• [WHAT IS REQUIRED] Nothing but the lines from the top of the data to the line holding "नई दिल्ली: उपराष्ट्रपति" should be printed, word for word and both ends included; leave the pictures out.

::::::::::

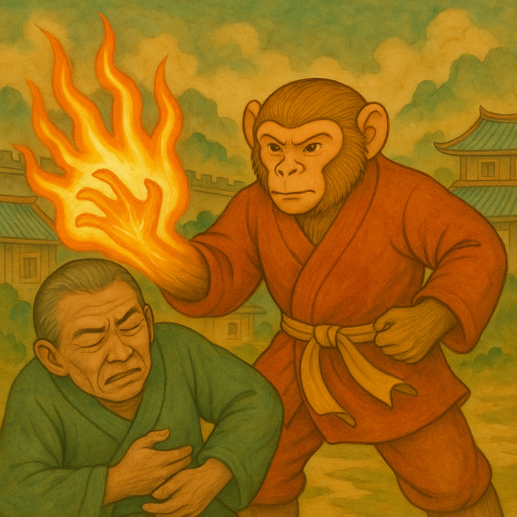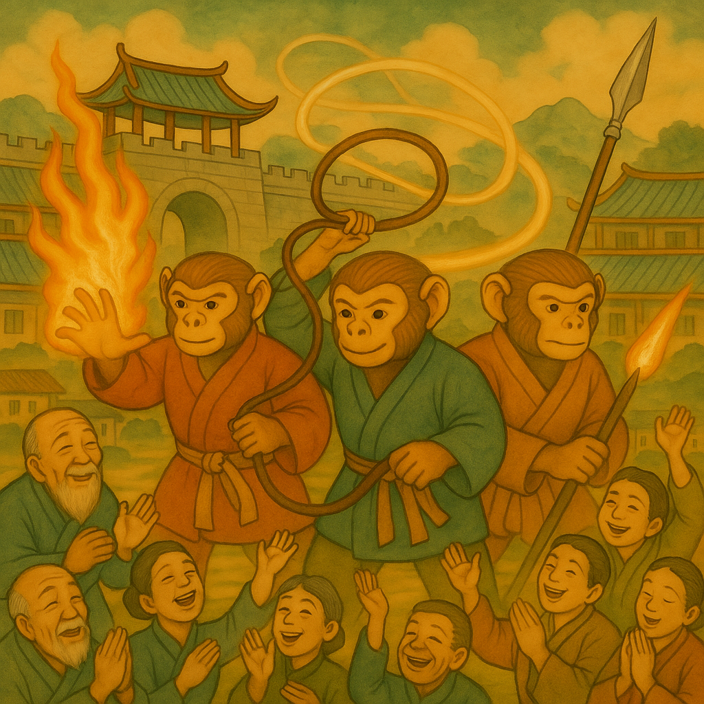三位黄猴齐聚六腑城,联手施展通降神技——猛爪一扫,疏通腑气;神鞭挥舞,行气化痰;破空矛闪耀,除痞化积。顷刻之间,六腑城的瘴气消散,百姓们恢复健康,街道上重新回荡着欢笑与安逸。
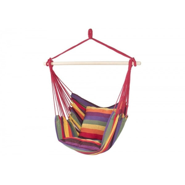 Hamacul tip scaun este ușor de instalat și întreținut, fiind perfect pentru cei care doresc să adauge un element de relaxare în spațiul lor exterior fără eforturi mari. Bucură-te de confort și stil cu acest hamac versatil.
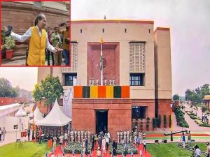 नई दिल्ली: उपराष्ट्रपति जगदीप धनखड़ ने नए सत्र की शुरुआत से एक दिन पहले रविवार को नए संसद भवन के गज द्वार पर राष्ट्रीय ध्वज फहराया. इस मौके पर लोकसभा अध्यक्ष ओम बिरला, केंद्रीय मंत्री प्रह्लाद जोशी, पीयूष गोयल, अर्जुन राम मेघवाल सहित अन्य लोग उपस्थित थे. हालांकि, कार्यक्रम में कांग्रेस प्रमुख और राज्यसभा में विपक्ष के नेता मल्लिकार्जुन खड़गे और पार्टी सांसद राहुल गांधी मौजूद नहीं थे. कार्यक्रम में कांग्रेस सांसद और लोकसभा में विपक्ष के नेता अधीर रंजन चौधरी ने जरूर हिस्सा लिया.
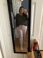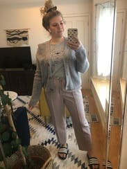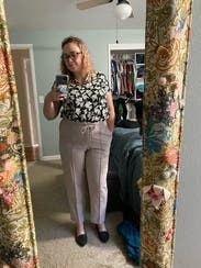 I really liked these! They were super comfortable and stretchy - it felt like I was wearing professional sweatpants. The line down the centers of the legs adds a trouser-like element that elevates the look. The pants are a pale pink with some faint plaid detail. I wore this a few times - with a navy long sleeve blouse, olive green long sleeve blouse, and multi-colored (but mainly cream, navy, green, pale pink) blouse.
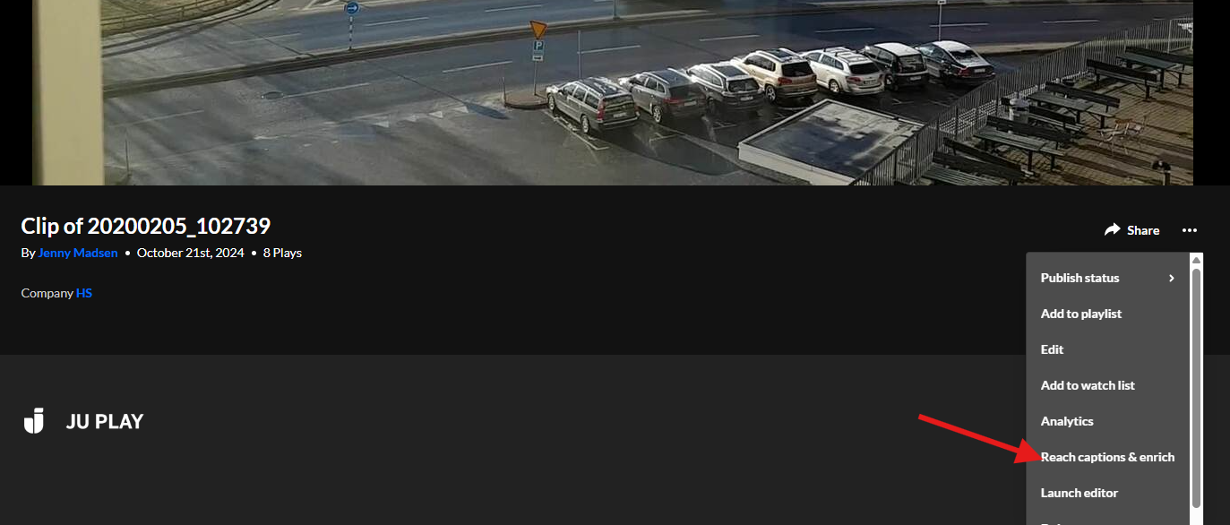 Vill du återkomma till att redigera din undertextning vid ett senare tillfälle hittar du redigeringsverktyget på samma ställe där du beställde undertextningen, dvs du klickar på din video inne i JU Play och klickar sedan på de tre prickarna bredvid Share-knappen och väljer Reach captions & enrich. Därefter klickar du på penn-ikonen.

::::::::::

• [REPLY]
三位黄猴齐聚六腑城,联手施展通降神技——猛爪一扫,疏通腑气;神鞭挥舞,行气化痰;破空矛闪耀,除痞化积。顷刻之间,六腑城的瘴气消散,百姓们恢复健康,街道上重新回荡着欢笑与安逸。
 Hamacul tip scaun este ușor de instalat și întreținut, fiind perfect pentru cei care doresc să adauge un element de relaxare în spațiul lor exterior fără eforturi mari. Bucură-te de confort și stil cu acest hamac versatil.
 नई दिल्ली: उपराष्ट्रपति जगदीप धनखड़ ने नए सत्र की शुरुआत से एक दिन पहले रविवार को नए संसद भवन के गज द्वार पर राष्ट्रीय ध्वज फहराया. इस मौके पर लोकसभा अध्यक्ष ओम बिरला, केंद्रीय मंत्री प्रह्लाद जोशी, पीयूष गोयल, अर्जुन राम मेघवाल सहित अन्य लोग उपस्थित थे. हालांकि, कार्यक्रम में कांग्रेस प्रमुख और राज्यसभा में विपक्ष के नेता मल्लिकार्जुन खड़गे और पार्टी सांसद राहुल गांधी मौजूद नहीं थे. कार्यक्रम में कांग्रेस सांसद और लोकसभा में विपक्ष के नेता अधीर रंजन चौधरी ने जरूर हिस्सा लिया.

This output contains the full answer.